Several speakers presented interesting experiments with search engine technology and design. Florian Cramer mentioned an automatic misspelling generator that can be used to circumvent censorships in Google results. Tsila Hassine presented the Google randomiser Shmoogle and the Image Tracer, which displays the changing results of image searches over a period of time. Metahaven dug a little deeper into the question of interface design and showed a prototype of a layered 3D interface that reflects the grade of isolation within the search results. And Richard Rogers presented insight into the reporting on climate change based on a range of tools that were developed at the govcom.org Foundation.
Richard Rogers also discussed the case of the website 911truth.org, which in mid-September disappeared from the Google results for the search „911“ after holding one of the top positions for years (Documentation here). The fact that it is impossible to confirm whether the disappearance is a results of manual censorship or some form of „violation“ of Google’s „quality guidelines“ hardly makes it less disturbing. Rather, these behind-the-scenes decisions are one of the most problematic aspects of the current search environment, where access to information is largely controlled by a single commercial actor.
Reflecting on this problematic concentration of control, a lot of discussions at the forum centred on the development of peer-to-peer search technology. An open and distributed way of crawling, indexing and ranking information surely is a fascinating vision. However, up until now, the technological problems seem to outweigh the possibilities. Ways to deal with spam need to be found, interfaces to involve users in the ranking have to be developed and, most difficult of all, people have to be persuaded to abandon Google for an, as yet, far from perfect search solution.

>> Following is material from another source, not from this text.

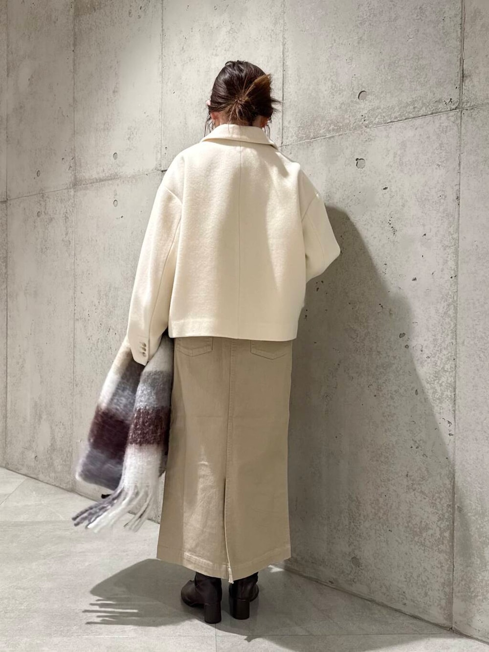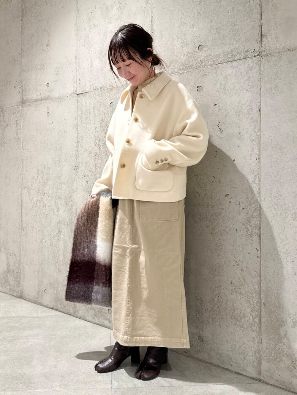 丸みのあるシルエットに、大きめのステンカラーが特徴のアイテム。

Jodie Dean presented an interesting comparison between blogs and search engines. From a psychoanalytical perspective, she interpreted both phenomena as an answer to anxieties associated with a chaotic and unstructured information space. Based on algorithmic ranking, search engines promise an objective ordering of this space and introduce an element of purity and immaculacy. Blogs, on the other hand, act as guides in the information space by presenting a strictly individual view. Dean portrays them as “technologies for managing distributed subjectivities”. It was interesting for me to be confronted with such a strongly advanced connection between search and psychoanalysis, since I struggled to get these parts together for a long time in my attempts to adapt film studies’ concept of the dispositif to search engines. I finally gave up that line of thought since I felt I lacked the basis for portraying these needs and anxieties as anthropological constants. On the other hand, I always felt intrigued by Hartmut Winklers early connection between the “royal overlooking position“ provided by search engines and „the specific impetus of blindness that determines our handling of these engines“. Maybe it’s time to pick up these threads again.
In his text, Winkler talks a lot about classification, which also was the topic of Florian Cramers presentation. Taking the famous example of the platypus as his departure point, Cramer declared all attempts at creating universal classification schemes futile; since they can never accommodate everything they aspire to and necessarily introduce arbitrariness in their categorisations. While illustrating his arguments with historical material, Cramer’s real target was the German Theseus initiative, which seeks to develop AI-like tools for “automated logical deduction”. Given the impracticality of manually assembled classification schemes, the goal of automatic ontology generation seems utterly preposterous. Cramer’s answer to the problem of information overload was folksonomies, which according to him, with all their weaknesses reflect the inadequacies of the information space itself. However, after getting home from Maastricht, I made my first excursions into Freebase and I wonder if this isn’t much better than mere tagging: A flexible taxonomy that is able to reflect the needs for changes and re-groupings, but at the same time allows for the (realistic, need-driven) exploitation of semantic connections between the information elements. Combined with CC-licensed content, APIs and all, this seems rather perfect. Will have to look into it some more.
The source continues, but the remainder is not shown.